NCM 2021: Detecting SARS-CoV-2 and other pathogens in aerosols at wastewater treatment plants


Hugh explained that wastewater is ‘a catalogue of pathogens present in human populations served by a given wastewater system’. The UC Davis wastewater treatment facility is ‘an interesting case’, as it receives wastewater from diverse sources, so it is quite biologically complex. In their research, Hugh’s team aimed to detect SARS-CoV-2 bioaerosols generated by primary wastewater aeration (now published in the Chemosphere journal). Hugh highlighted that there is a need for comprehensive monitoring for the potential appearance of new pathogens, to protect ourselves from pandemics that are ‘inevitably in our future’. To this end, they aimed to evaluate nucleic acid sequencing of the wastewater aerobiome for pathogen surveillance.

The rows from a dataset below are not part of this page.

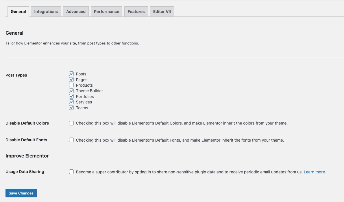 Step 4 - You will see all tabs for setting of elementor , in General tab
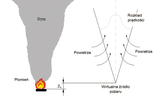 Mechanizm napływu powietrza zewnętrznego do kolumny konwekcyjnej dymu powstającej w czasie pożaru, decydujący o ilości tworzącego się dymu, został opisany w formie matematycznej m.in. przez Zukoskiego, Heskestada, Mc Caffreya, Thomasa [4]. Na rys. 5 przedstawiono model swobodnego słupa dymu według Heskestada, który został przyjęty jako wzorcowy w standardach brytyjskich i amerykańskich [3, 5]. Do słupa dymu ponad źródłem pożaru zasysane jest powietrze zewnętrzne, co powoduje wzrost jego objętości i obniżenie temperatury dymu. Oznacza to, że im wyżej od przewidywanego źródła pożaru zlokalizowane są punkty wyciągowe systemu oddymiającego, tym wydajność tego systemu musi być większa. Po przekroczeniu wysokości granicznej, zależnej od wielkości projektowej pożaru, wykonanie skutecznej instalacji oddymiającej staje się niemożliwe.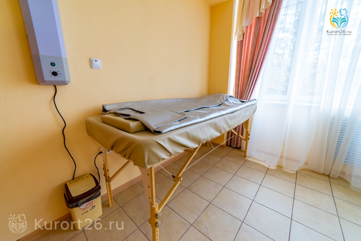 Лечение: прием минеральной воды, ванны (имбирная, хвойно-жемчужная, йодо -бромовая, валериановая, «Антистресс» — 1 вид по показаниям), аппаратная физиотерапия (лимфодренаж, лимфопрессотерапия, прессотерапия), ЛФК, аквааэробика, тренажерный зал, спортивные игры.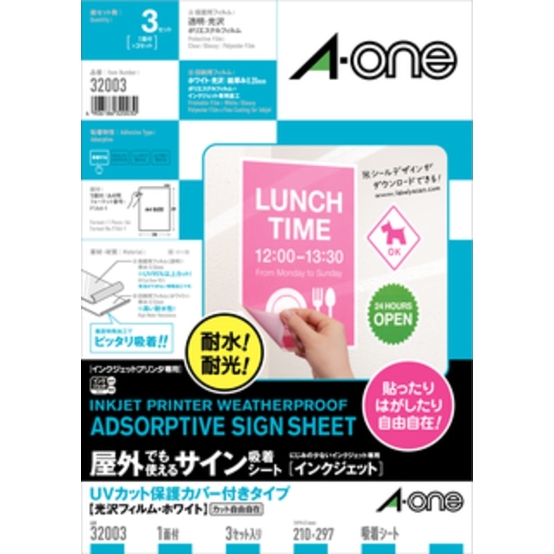 エーワン 屋外でも使えるサイン吸着シート UVカット保護カバー付タイプ インクジェット用 光沢フィルム ホワイト A4サイズ 3セット 1面 ノーカット 32003 3M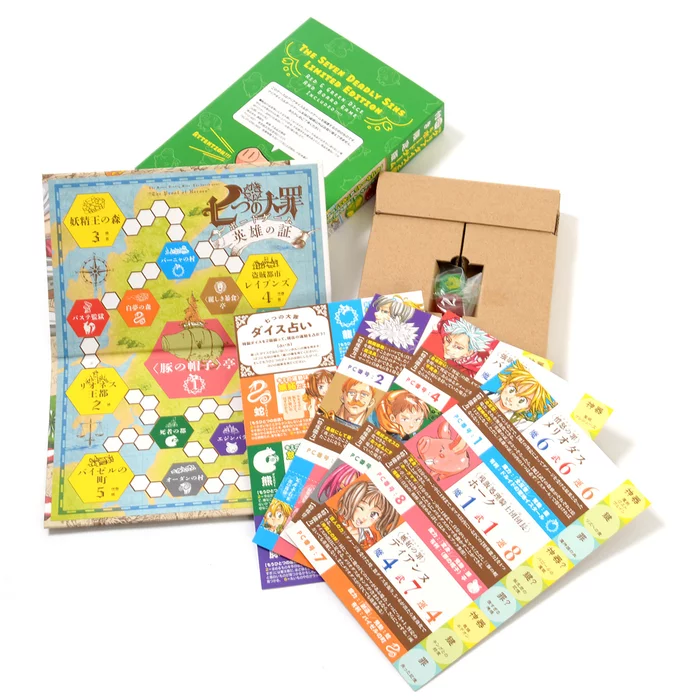 You won't want to miss what's in store for Meliodas and gang in Vol. 23, and that goes double for the bonuses in this Limited Edition: a set of two six-sided clear dice designed with the crests of the Seven Deadly Sins and a board game called "Proof of Heroism"!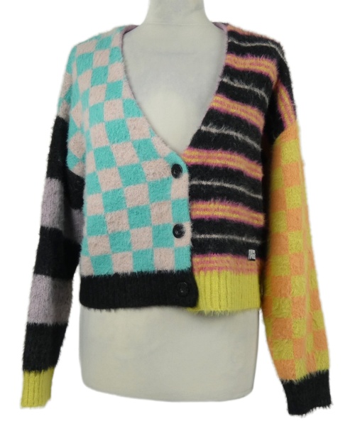 Dámský barevně vzorovaný propínací oversized crop svetr Ragged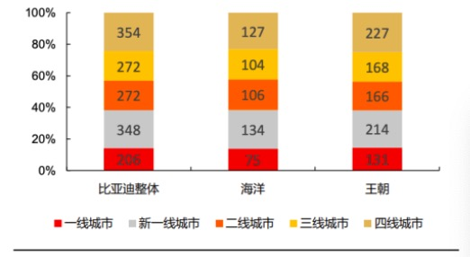 比亞迪一向注重對低線城市的佈局。根據長江證券在2022年6月份的一份報告,比亞迪在四線城市的店面數量佔比,約為25%。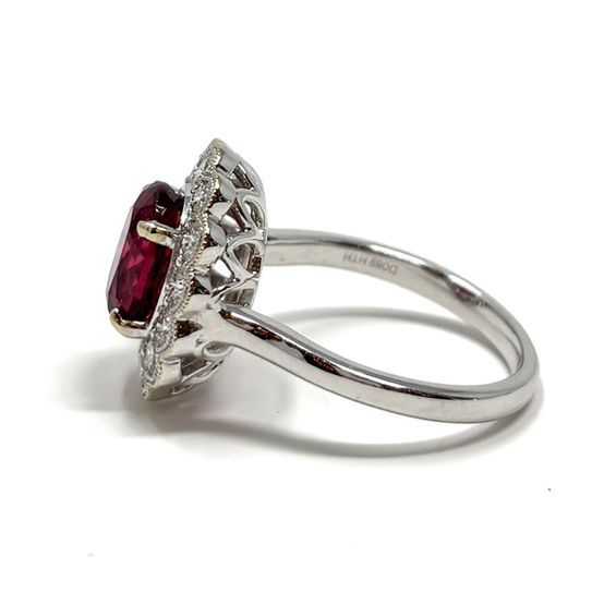 Estate 18K White Gold Rubellite Tourmaline and Diamond Ring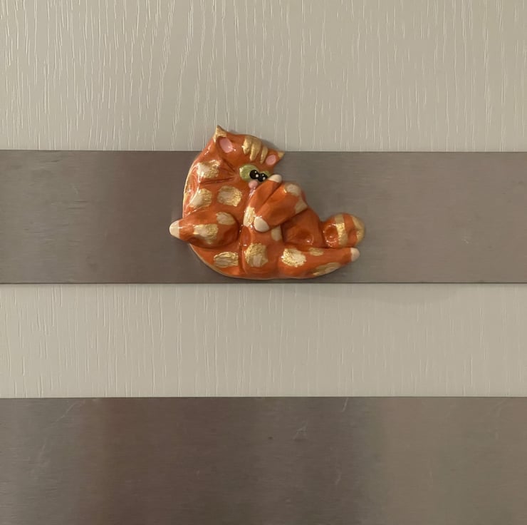 This adorable grooming ginger cat magnet is made from clay and coated with UV resin for a smooth finish. A purrfect present for any cat lover.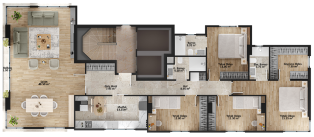 - Net 152 m² – Brüt 209 m² geniş aile planı
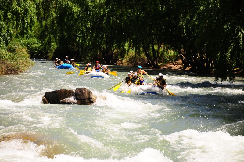 Se realiza en el Río Atuel, un rio clase II, su duración es de casi dos horas de rio.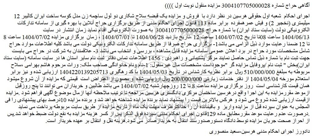 اجرای احکام شعبه اول حقوقی هرسین در نظر دارد با فروش و مزایده یک قبضه سلاح شکاری دو لول ساچمه زن مدل کوسه ساخت ایران کالیبر 12 میلیمتری (نخجیر 2) و فیش عمرهمفرده برابر ماده 113 قانون اجرای احکام مدنی از طریق برگزاری حراج آنلاین با بهره گیری از سامانه تدارکات الکترونیکی دولت (سایت ستاد ایران) با شماره حراج 3004107705000028 به صورت الکترونیکی اقدام نماید زمان انتشار در سایت 1404/06/13 ساعت 08تا تاریخ 1404/07/02 ساعت 12 ،تاریخ بازدید 1404/06/28 تا 1404/07/01 ، زمان برگزاری مزایده 1404/07/02 ساعت 8 تا 12 ضمنا رعایت موارد ذیل الزامی می باشد1- برگزاری حراج صرفا از طریق سامانه تدارکات الکترونیکی دولت می باشد کلیه اطلاعات موارد حراج شامل مشخصات مورد حراج در برد اعلان عمومی سامانه مزایده قابل مشاهده ، بررسی و انتخاب می باشد 3- علاقمندان به شرکت در حراج می بایست جهت ثبت نام با شماره ذیل تماس حاصل نمایند مرکز پشتیبانی و راهبردی : 1456 اطلاعات تماس دفاتر ثبت نام سایر استان ها در سایت سامانه (سایت ستاد ایران)بخش " ثبت نام /پروفایل مزایده گر "موجوداست مشخصات مال غیرمنقول: 1-نام ونام خانوادگی صاحب ملک: وراث مرحوم هاشم بهرامی ،سلاح مربوطه به مبلغغ 510/000/000 ریال برابر نظریه کارشناس در تاریخ 1404/05/03 با کد رهگیری 1404220139205713 ارزیابی شده و نیز برابر استعلام مورخه 1404/05/04 از دفتر خدمات زیارتی 200/000/000 ریال ارزیابی شده و مصون از اعتراض است قیمتی که مزایده از آن شروع میشود همان قیمت کارشناسی است روز برگزاری مزایده ساعت 8 تا 12 روزچهارشنبه 1404/07/02 می باشد طالبین و خریداران می توانند تا پنج روزقبل ازموعد مقررمزایده به این اجرا واقع درهرسین ساختمان مرکزی دادگستری هرسین مراجعه تا ترتیب ملاحظه آنها ازمال موضوع آگهی فراهم شود .مزایده ازقیمت ارزیابی شده شروع می شود و هرکس بالاترین قیمت را پیشنهاد نماید برنده مزایده شناخته خواهد شد و برنده مزایده 10درصد بهای پیشنهادی را فی المجلس به عنوان سپرده قبل از مزایده واریز و باقیمانده آن را حداکثرظرف مهلت یک ماه ازتاریخ مزایده از طریق سایت مربوطه پرداخت می نماید .درصورت عدم رعایت موعد مقررمطابق ماده 129قانون اجرای احکام مدنی سپرده فوق الذکر پس از کسر هزینه مزایده به نفع دولت ضبط خواهد شد.پس از احراز صحت جریان مزایده توسط دادگاه دستورصدورسند انتقال به خریدارصادر می شود.هزینه نقل و انتقال بر عهده خریدار است.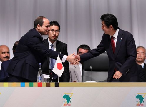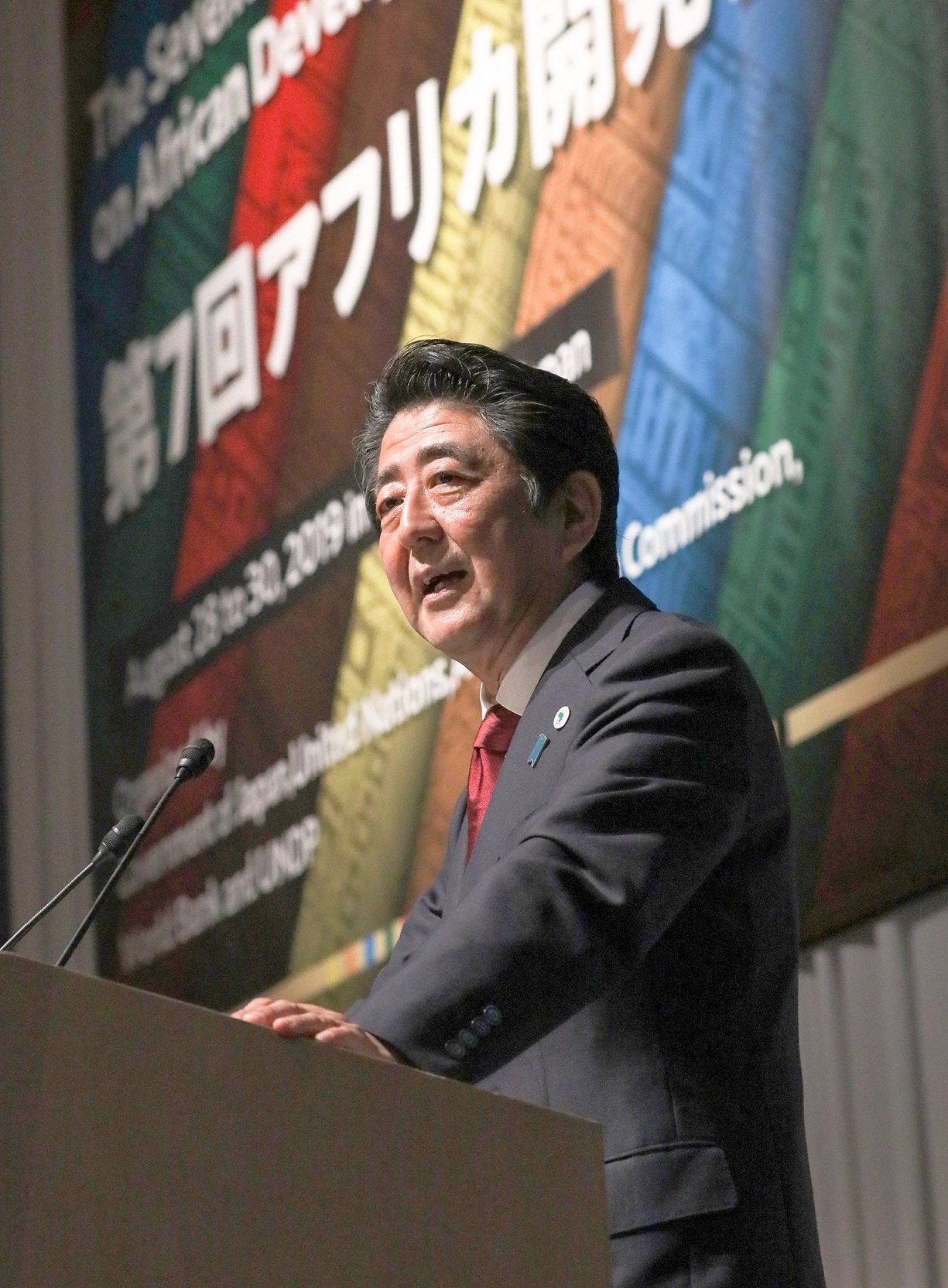 安倍总理为了举办TICAD7(第七届非洲开发会议)等,访问了神奈川县横滨市。

The team collected aerosol samples, at a rate of 200 L/minute, for 24 hours a day over 4 consecutive days; the sample was split for RNA and DNA extraction, and DNA, direct RNA, and cDNA nanopore sequencing. A range of software tools were used for their analyses, including Shasta (assembly), minimap2 (alignment), Kraken2 (classification), and the ARTIC v3 and Midnight pipelines (SARS-CoV-2 genome analysis). Overall, ~92% of classified DNA reads were classed as bacteria, ~7.5% as human, ~0.3% as fungi, and ~0.1% as viral. Hugh concluded that SARS-CoV-2 nucleic acids were found in aerosols generated at wastewater treatment plants, and that their methods of air sampling and nucleic acid extraction provided intact genetic material at sufficient quantities for detailed sample analyses. Hugh closed with the question: can this approach be a surveillance method for agnostic detection of new pathogens?